What to do => Extract the lines up to and including the one that contains "爭做基層的泥腿干部PPT紅色黨政風2022年黨支部黨員培訓專題課件模板下載", starting with the first line of the entries below, and omit the pictures.

Entries taken from a collection
★ ★ ★ ★

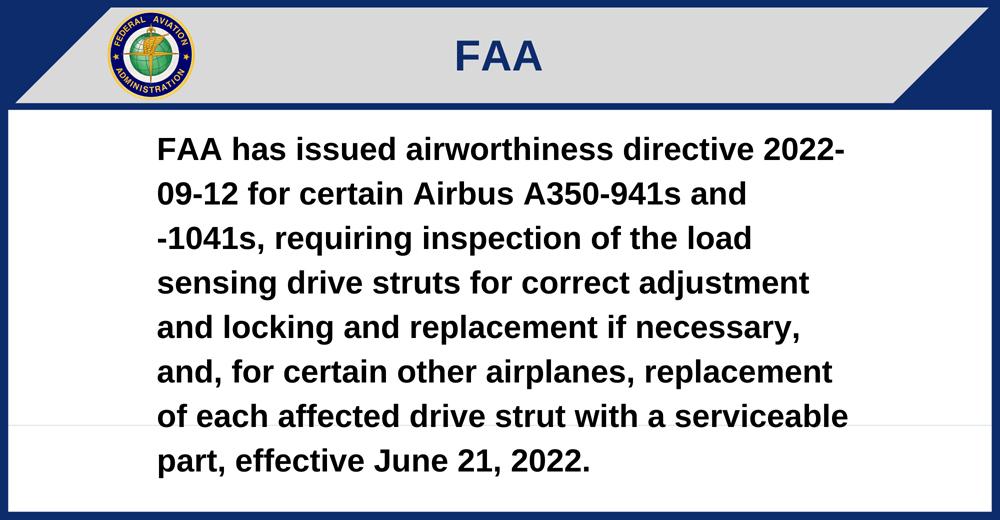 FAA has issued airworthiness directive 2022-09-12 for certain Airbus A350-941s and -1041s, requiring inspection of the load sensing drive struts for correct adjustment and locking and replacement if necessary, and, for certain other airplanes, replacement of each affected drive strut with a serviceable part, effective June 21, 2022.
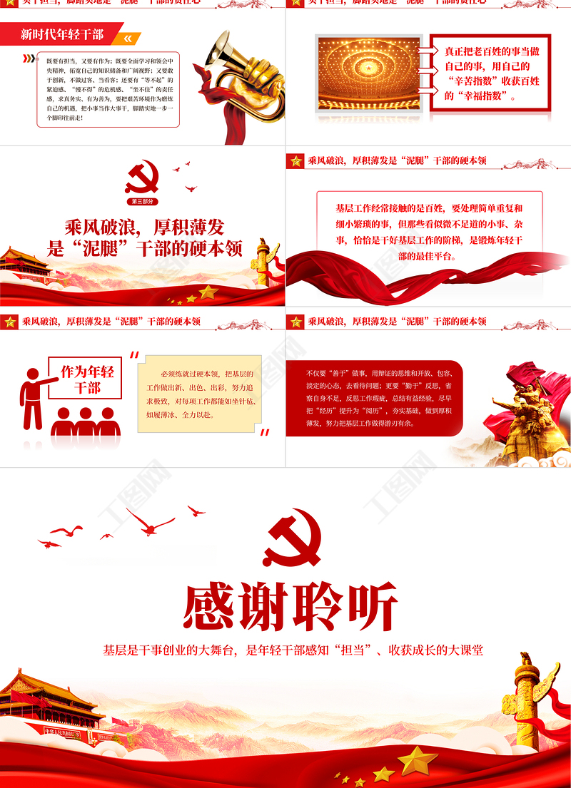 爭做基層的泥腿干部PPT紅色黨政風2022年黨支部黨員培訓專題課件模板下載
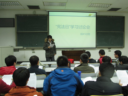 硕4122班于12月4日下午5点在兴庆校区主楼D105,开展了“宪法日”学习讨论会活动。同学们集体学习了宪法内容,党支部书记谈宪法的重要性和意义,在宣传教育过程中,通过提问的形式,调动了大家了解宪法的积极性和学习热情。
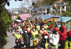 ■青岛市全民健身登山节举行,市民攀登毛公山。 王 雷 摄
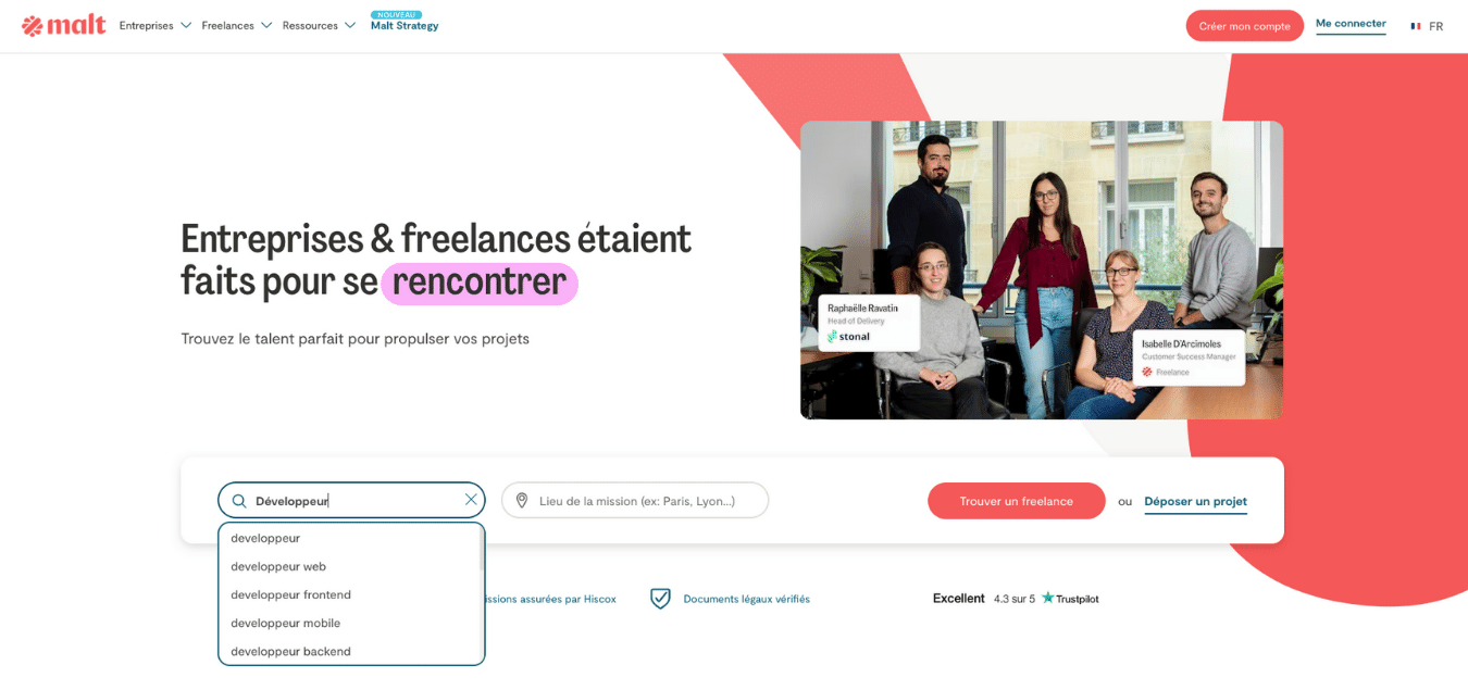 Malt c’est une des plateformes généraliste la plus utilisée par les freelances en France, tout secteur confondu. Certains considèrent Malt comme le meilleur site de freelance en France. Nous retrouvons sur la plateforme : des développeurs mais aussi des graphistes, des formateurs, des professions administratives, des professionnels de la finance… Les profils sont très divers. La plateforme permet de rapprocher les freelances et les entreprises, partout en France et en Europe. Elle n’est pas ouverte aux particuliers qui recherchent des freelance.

★ ★ ★ ★

Reply =>
 FAA has issued airworthiness directive 2022-09-12 for certain Airbus A350-941s and -1041s, requiring inspection of the load sensing drive struts for correct adjustment and locking and replacement if necessary, and, for certain other airplanes, replacement of each affected drive strut with a serviceable part, effective June 21, 2022.
 爭做基層的泥腿干部PPT紅色黨政風2022年黨支部黨員培訓專題課件模板下載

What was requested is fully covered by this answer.